ドキュメンタリー映画「太陽の塔」感想。
「太陽の塔」を主題として、岡本太郎の思想が様々な分野の専門家によって語られる映画です。
章立てはこんな感じ。
1.EXPO 万博
2.CREATION 創造
3.TARO 太郎
4.ORIGIN 起源
5.SYSTEM 支配
6.MYTH 神話
7.RESONANCE 共鳴
8.MANDALA 曼荼羅
9.GIFT 贈与
・・・
1970年大阪万博、テーマは「人類の進歩と調和」。
展示物は宇宙船、ロボット、動く歩道。万能の科学技術が、貧困も環境問題も不平等も解決する。
万博は、来るべき幸福な21世紀をデモンストレーションする場だった。
岡本太郎はこの思想を真っ向から否定する。科学技術の発展と、人類の幸福は無関係と考えている。
そして、未来志向、技術礼賛の対極に位置する「太陽の塔」を創った。
太陽の塔は、生命のイメージに満ちている。姿形からして巨大な生き物のようだ。
胎内は鮮血の赤で塗られており、生物の進化を示した、生命の樹と呼ばれるモニュメントが生えている。
万博会場で異質な存在であり、明らかに調和を破壊している。しかし、妥協に妥協を重ねた調和に何の意味があるのか。
憎まれてもいい、嫌われてもいいと思い、正反対のものがぶつかり合うことが必要と太郎は考える。
技術文明を抱きかかえられるような、新たな神話を作ろうとした。
・・・
自分が科学という言葉を初めて意識したのは、ドラえもんだった。
時々、タイムマシンに乗って22世紀の世界へ里帰りする話があるが、そんな話は特に好きだった。
超高層ビルが立ち並び、車が空を飛ぶ未来都市にわくわくした。
そんなわけで、科学は人を幸せにする、ポジティブなものだという考えを、いまだに持っている。

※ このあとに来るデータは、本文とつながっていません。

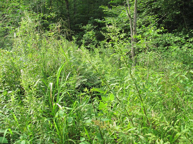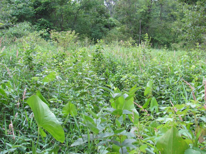 This type is distinguished from the various graminoid-dominated marsh types by its broad-leaf dominants. The Herbaceous Vernal Pond type is related to this, but occurs exclusively in upland depressions that dry out substantially to completely in the dry season. This type is distinguished from the various forb and graminoid-dominated marsh types by species composition and landscape position. It is distinguished from the graminoid-dominated marsh types by the dominance of broad-leaved species. Although reed canary-grass (Phalaris arundinacea) and bluejoint (Calamagrostis canadensis var. canadensis) may occur in this community type, they are not dominant. If one of these species or a combination of the two dominates the community, the community may be better represented by Bluejoint – Reed Canary-grass Marsh. If tussock sedge (Carex stricta) strongly dominates the community, then the community would better be represented by Tussock Sedge Marsh. The Rice Cutgrass – Bulrush Vernal Pool or Wool-grass – Mannagrass – Mixed Shrub Vernal Pool types may resemble the Mixed Forb Marsh type but these two occurs exclusively in upland depressions that dry out substantially to completely in the dry season. The Mixed Forb Marsh community may also resemble the Freshwater Tidal Mixed High Marsh and Riverbank Freshwater Tidal Marsh communities. However, the presence of tidal marsh species such as wild-rice (Zizania aquatica), salt-marsh water-hemp (Amaranthus cannabinus), and swamp beggar’s-ticks (Bidens bidentoides) in these types differentiates from the more Mixed Forb Marsh.

科学のおかげで、健康で、清潔で、安全に暮らしている。
自分のような凡人には、これを真っ向から否定することはできない。
でも、3.11の後、岡本太郎の思想がすごく身に迫ってくるのも確かだと思った。
・・・
話が拡散しがちだったり、原子力利用に関する部分が不自然に長かったり、ちょっとわからないとこもあったけど、面白かった。
音楽、画もかっこよくて、アキラとかエヴァが好きならびびっとくると思う。
コロナが落ち着いたら生で見てみたい。